A U.S. military pilot known as the “Candy Bomber” for his airdrops of sweets during the Berlin airlift after World War II ended has died

DENVER — U.S. military pilot Gail S. Halvorsen — known as the “Candy Bomber” for his candy airdrops during the Berlin airlift after World War II ended — has died at age 101.

Halvorsen died Wednesday following a brief illness in his home state of Utah, surrounded by most of his children, James Stewart, the director of the Gail S. Halvorsen Aviation Education Foundation, said Thursday.

DENVER — U.S. military pilot Gail S. Halvorsen — known as the “Candy Bomber” for his candy airdrops during the Berlin airlift after World War II ended — has died at age 101.

Halvorsen died Wednesday following a brief illness in his home state of Utah, surrounded by most of his children, James Stewart, the director of the Gail S. Halvorsen Aviation Education Foundation, said Thursday.

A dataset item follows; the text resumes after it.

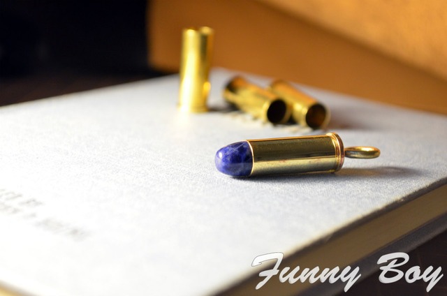 天然石を使用したペンダントヘッドです。 ネックレスやブレスレット、イヤリング、キーホルダー等にお使い頂けます。 弾頭はソーダライトを使用。 弾頭は一つ一つ手作業で削りだし、丁寧に磨いています。 他サイトでも販売しておりますので、購入のタイミングで売り切れてしまった場合は写真の弾とは異なります。(同一の製品を新たにお作りして発送させて頂きます。) 定形外発送のみ送料をサービスさせて頂きます。 エアキャップ等の緩衝材で丁寧に梱包致します。 (過去数百件程、同一郵便局から定形外での発送を利用していますが、不着は一度もありません) 弾頭の種類や薬莢サイズはこれから多少増やしていきますので、興味のある方はたまに覗いてみて下さい。 弾頭の天然石で取り扱って欲しい石がありましたら検討させて頂きますので、気軽にご連絡下さい。 薬莢は本物の薬莢の再利用品ですが、穴を開け、加工してありますので実弾としては再利用できません。 射撃練習場からの払い下げ品を使っています。 因縁がある物では御座いませんので安心してください。 天然石を使用していますので、衝撃など与えると弾頭が破損する場合があります。 薬莢が破損、変形しない限り、弾頭が破損しても再装填は可能ですが、有料となります。金額や日数は事前にご相談下さい。 一つ一つ手作業で製作していますので、傷や細かい部分が気になる方はご購入をしないで下さい。 真鍮や銀、銅、亜鉛を含む金属が使用されています。アレルギーの方はご注意下さい。 その他、気になる事がありましたら、事前にご相談下さい。

Halvorsen was beloved and venerated in Berlin, which he last visited in 2019 when the city celebrated the 70th anniversary of the day the Soviets lifted their post-World War II blockade cutting off supplies to West Berlin with a big party at the former Tempelhof airport in the German capital.

“Halvorsen’s deeply human act has never been forgotten,” Berlin Mayor Franziska Giffey said in a statement.

Utah Gov. Spencer Cox also praised Halvorsen, who was born in Salt Lake City but grew up on farms before getting his pilot’s license.

“I know he’s up there, handing out candy behind the pearly gates somewhere,” he said.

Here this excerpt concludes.